The fraught negotiations on a US deficit reduction plan gained new impetus yesterday, as President Barack Obama proposed a far larger package of spending cuts and tax increases, including changes in long-sacrosanct government retirement and health care programmes, that would save up to $4trn (£2.5trn) over the next decade. Speaking to reporters after a meeting with Congressional leaders from both parties, Mr Obama described the discussions as "very constructive and frank".

A further round of talks would take place on Sunday when, he hoped, the "hard bargaining" would be done to get a deal. But, he stressed, "nothing is agreed until everything is agreed".

The White House session was the latest attempt to strike a deal that will avert a Republican threat to block an increase in the authorised government debt ceiling. That limit, $14.3trn, has already been reached. Without an increase in place by 2 August, the Treasury says the US Government will start to default on debt repayments for the first time in its history.

With its new gambit, the White House aims to show its seriousness about bringing the country's finances back on to an even keel, getting under control a budget deficit that will reach $1.5trn in 2011. Administration officials also say a more ambitious package has a better chance that the smaller $2.5trn target the parties have been talking about thus far.

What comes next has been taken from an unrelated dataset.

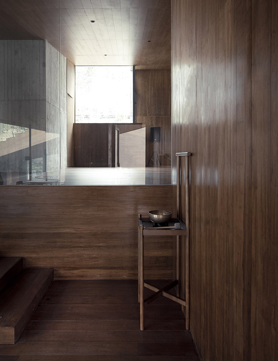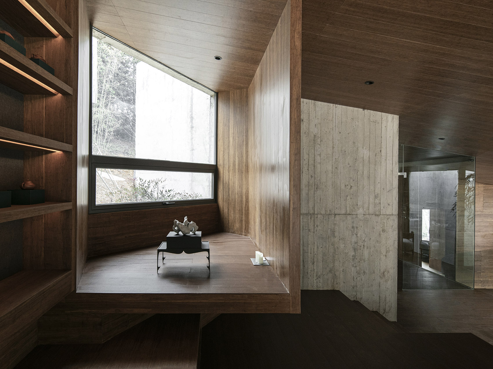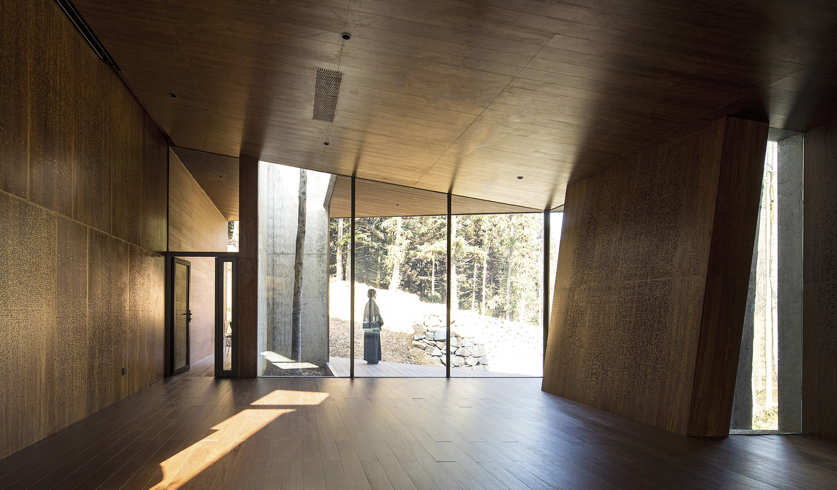 內部每個標高的空間,都有相應的落地玻璃立面,錐形的頂部設置了可以看向天空和樹冠的天窗,形成了分別朝向不同的方向看風景的組合,將外部的景觀投射到整個空間內部,外部的風景成了建筑的主要元素,形成空間特有的張力,這一切都是為了居于室內可以獲得對自然更多的感知。

By offering to reduce the benefits paid by Social Security and Medicare, which the Democrats have always defended, Mr Obama is putting pressure on Republicans to drop their resistance to tax increases of any kind. Concentrating everyone's mind is the approaching debt deadline, amid warnings that even a partial US default would throw world financial markets into chaos.

"I think there'll be a spirit of trying to get results here," the House Majority Leader, Eric Cantor, said as the latest talks started.

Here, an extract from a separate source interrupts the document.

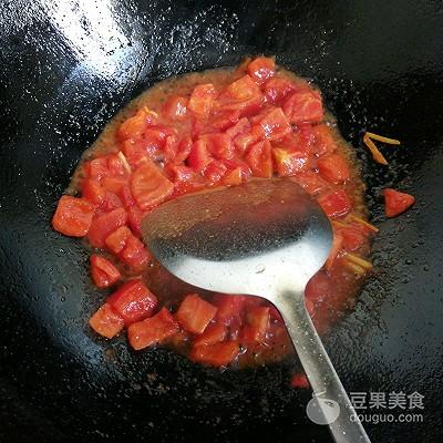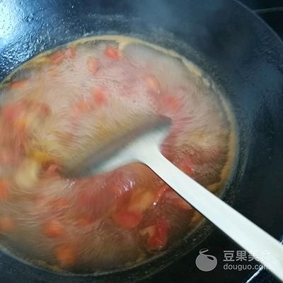 5、等番茄热量炒出汁后,倒入一汤碗水,烧开。加入适量的做法盐。

The emerging plan still faces stiff opposition from both ends of the political spectrum. Many Democrats fiercely oppose any cut in Medicare benefits in particular, arguing that the party would be deprived of a potent issue in the upcoming election campaign. But Republicans, led by the new Tea Party intake into Congress, still insist that all savings should be secured exclusively by spending cuts that would reduce the size of government.

Some Democrats argue that Mr Obama could settle the issue at a stroke, bypassing Congress entirely and citing the 14th amendment to the US constitution. Passed in 1868, in the wake of the Civil War, the amendment flatly declares that "the validity of the public debt of the United States... shall not be questioned". Some legal scholars say this renders superfluous any congressional attempt to impose a ceiling on that debt.